== Segment start ==
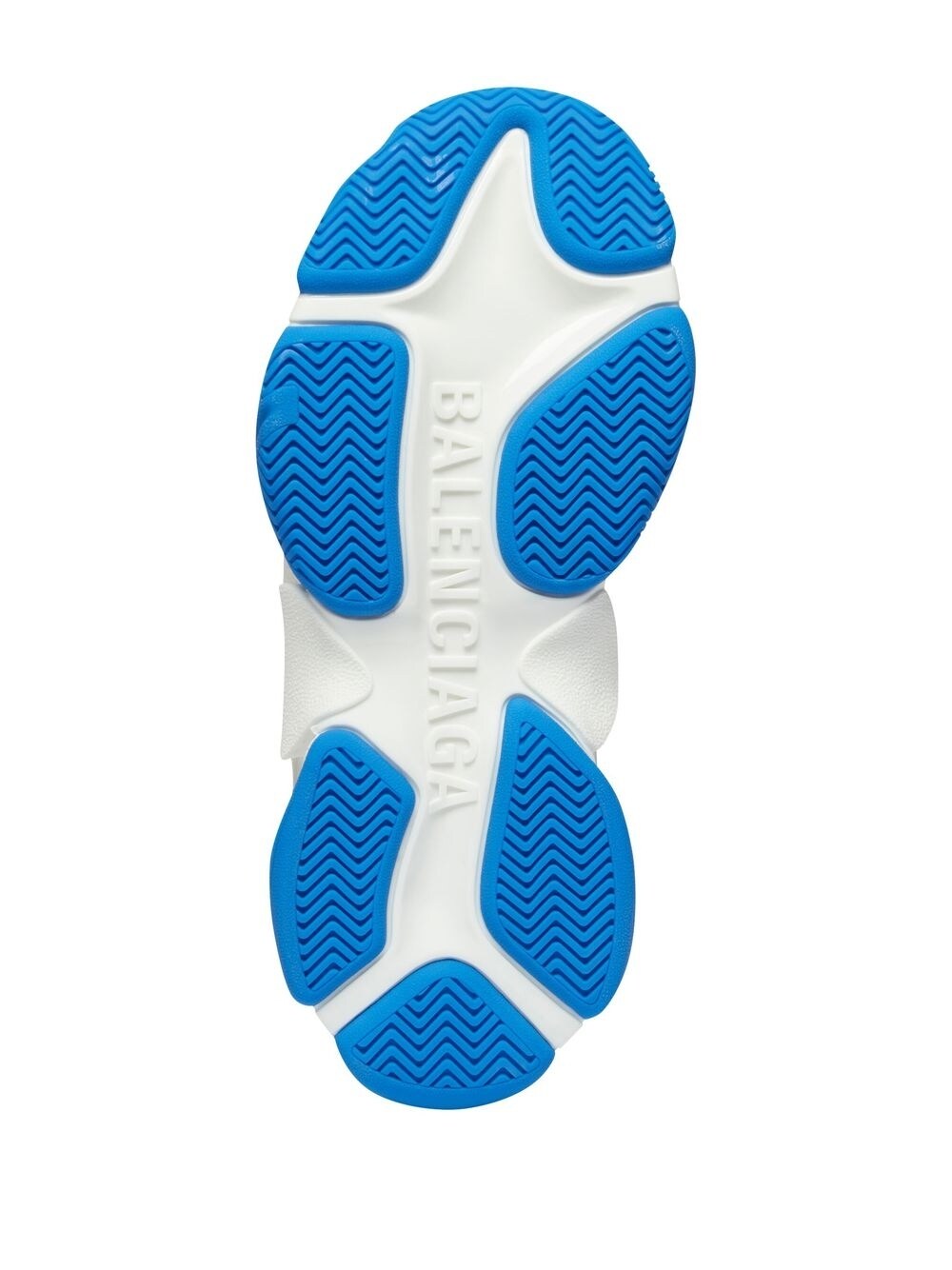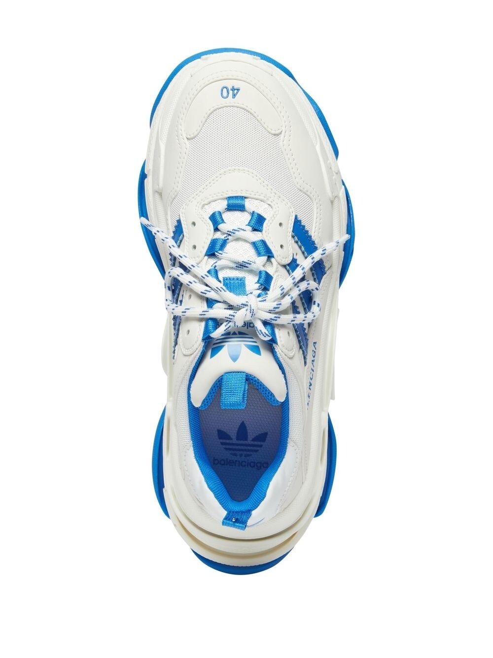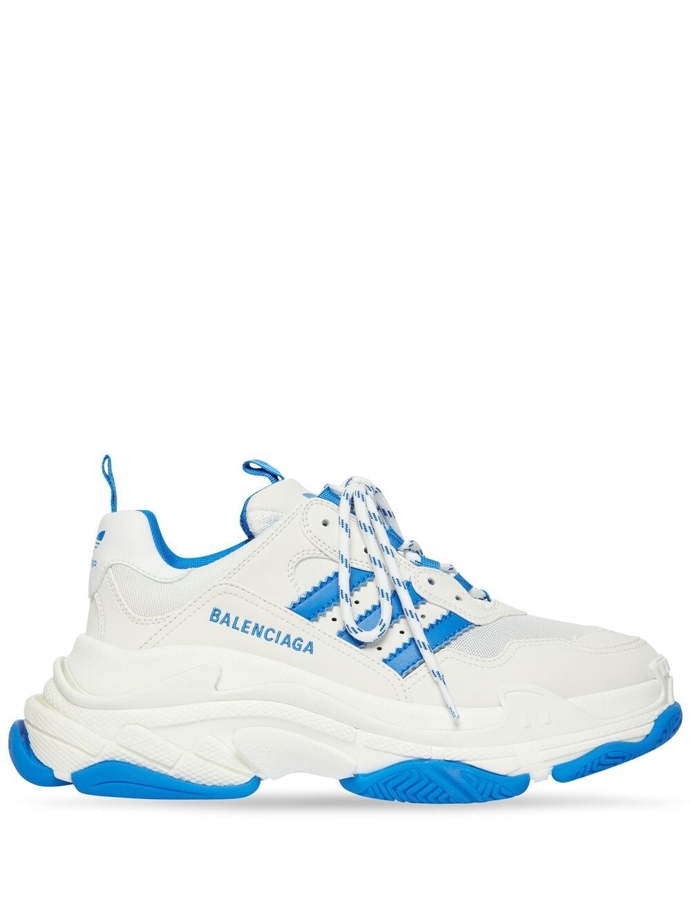 x adidas Triple S sneakers from BALENCIAGA featuring white, blue, faux leather, signature 3-Stripes logo, logo print to the side, round toe, front lace-up fastening, double pull-tab at the opening, branded insole and chunky rubber sole. Size and Fit - Heel 2,2 in / 5,5 cm; Platform 1,2 in / 3 cm
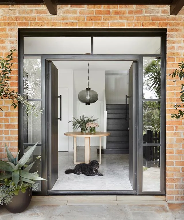 “I love the front door and the view through the hall to the back lawn,” says owner Polly of her modern yet timeless family home. “It reminds me of a Californian desert house.” The western red cedar pivot door has a 30cm black-stained timber-disc handle.
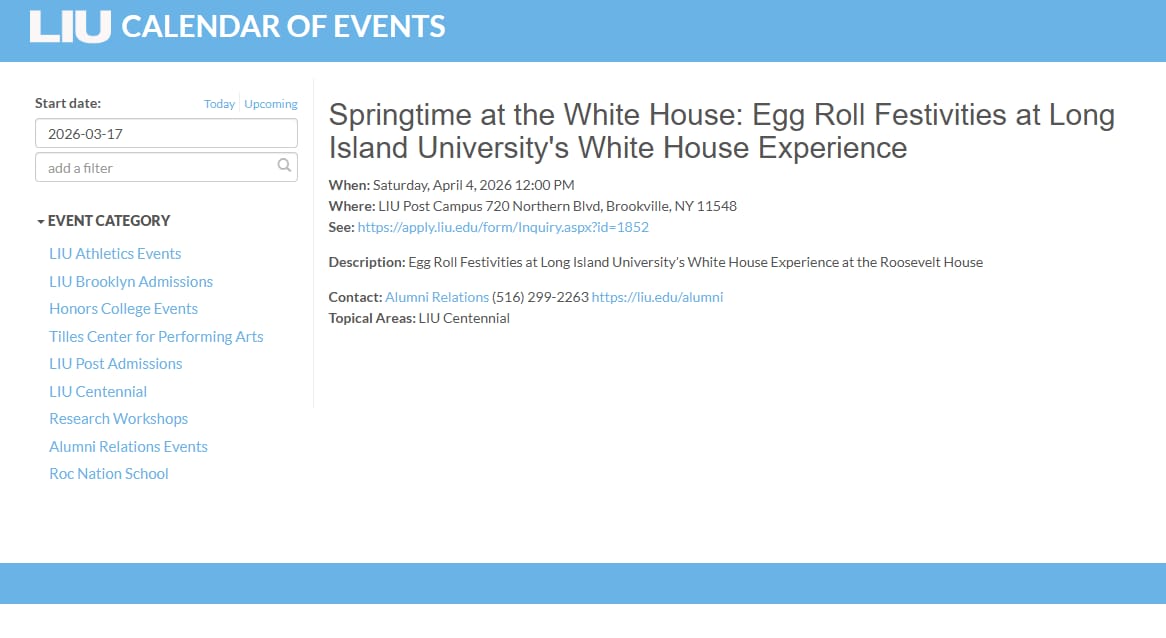 ![]() | Springtime at the White House: Egg Roll Festivities at Long Island University's White House Experience A campus spring celebration inspired by classic White House egg-roll traditions. |
== Segment end ==
* About this exercise
Write out the data above exactly as it appears, but without any image.

* Reply to the exercise
 x adidas Triple S sneakers from BALENCIAGA featuring white, blue, faux leather, signature 3-Stripes logo, logo print to the side, round toe, front lace-up fastening, double pull-tab at the opening, branded insole and chunky rubber sole. Size and Fit - Heel 2,2 in / 5,5 cm; Platform 1,2 in / 3 cm
 “I love the front door and the view through the hall to the back lawn,” says owner Polly of her modern yet timeless family home. “It reminds me of a Californian desert house.” The western red cedar pivot door has a 30cm black-stained timber-disc handle.
 ![]() | Springtime at the White House: Egg Roll Festivities at Long Island University's White House Experience A campus spring celebration inspired by classic White House egg-roll traditions. |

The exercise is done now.